Artikel 9.2 Maatwerk en samenspraak

De deskundige stelt op basis van maatwerk in samenspraak met de cliënt de aard, omvang en duur van de tegenprestatie vast, waarbij de individuele mogelijkheden en omstandigheden van de cliënt in acht worden genomen.

Artikel 9.3 Vermindering van de kwetsbare positie

Bij de beoordeling van de individuele mogelijkheden en omstandigheden van de cliënt, wordt de vraag beantwoord of de tegenprestatie een bijdrage levert aan de vermindering van de kwetsbare positie van de cliënt.

Artikel 9.4 De zoektijd

  • 1.

    De cliënt krijgt gedurende een periode van 4 weken na de opdracht de gelegenheid om maatschappelijk nuttige activiteiten in het kader van de tegenprestatie te zoeken. Hij neemt hiervoor contact op met de maatschappelijke organisaties en de vrijwilligerscentrale.

  • 2.

    Als er ook na de tweede zoekperiode geen maatschappelijk nuttige activiteiten voorhanden zijn, ontheft de deskundige de cliënt van de verplichting tot het verrichten van de tegenprestatie naar vermogen voor de duur van 1 jaar.

  • 3.

    Als er na de periode genoemd onder punt b nog geen maatschappelijk nuttige activiteiten voorhanden zijn, volgt een volledige ontheffing van de tegenprestatie.

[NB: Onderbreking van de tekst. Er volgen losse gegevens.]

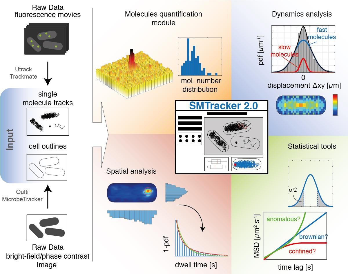 SMTracker v2.0 is a MATLAB-based graphical user interface (GUI) for automatically quantifying, visualising and managing SMT data via five interactive panels, allowing the user to interactively explore tracking data from several conditions, movies and cells on a track-by- track basis. Diffusion parameters and motion behaviour is analysed by several methods: a) by a Gaussian mixture model ,or b) by using the cumulative probability distribution of square displacements, c) Mean-Squared displacement fits, d) by Jump Distance analysis. It also includes exploratory tools to visualise single trajectories or dynamic heat maps.
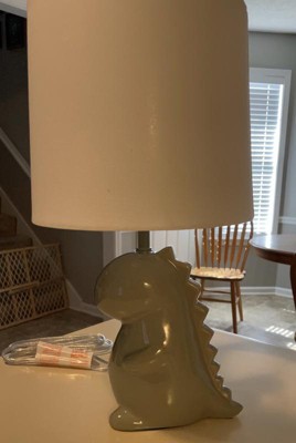 [This review was collected as part of a promotion.] Globe Electric - Tommy Dinosaur(16" Ceramic Table Lamp) table lamp is so cute. It has a white Cotton Shade, perfect size for a small lamp, and it looks grey that was mixed with a light green(grey is one of my favorite colors). I was going to give it to my god son but I think I might have to keep him for myself lol. Jk.. Maybe.

Hoofdstuk 10 Het ontbreken van woonlasten en de commerciële huurprijs

Artikel 10.1 Het ontbreken van woonlasten

Met toepassing van artikel 27 Participatiewet wordt de bijstandsnorm met 10% van de gehuwdennorm verlaagd, indien een woning wordt bewoond waaraan voor de cliënt geen kosten van huur of hypotheeklasten verbonden zijn.

Artikel 10.2 De commerciële relatie bij kostendelers

  • 1.

    Commerciële relatie: voor de toepassing van deze nadere regels wordt aangesloten bij de definitie van de Centrale Raad van Beroep, namelijk:

  • De cliënt kan de zakelijke relatie aantonen met een zakelijke overeenkomst, waarbij de wederzijdse rechten en plichten geregeld zijn en nauwkeurig zijn afgebakend;

  • De cliënt kan betalingen aantonen (bankafschriften/ bewijs kasstortingen afgelopen 3 maanden)

  • De cliënt overlegt een schriftelijk contract;

  • De verhuurder/ onderhuurder of kostgever dient een commerciële huurprijs of commerciële prijs kostgangerschap te ontvangen.

  • 2.

    Cliënten die voor het huren van een woonruimte in een woning van de Woningstichting of Idealis een huurovereenkomst hebben afgesloten, worden met toepassing van19a lid 1 onder c van de Participatiewet niet beschouwd als kostendeler;

  • 3.

    Voor huurders die niet behoren tot de cliënten genoemd in lid 2, bedraagt de commerciële huurprijs op grond van artikel 19a lid 1 onder c van de Participatiewet € 100,- per maand exclusief servicekosten.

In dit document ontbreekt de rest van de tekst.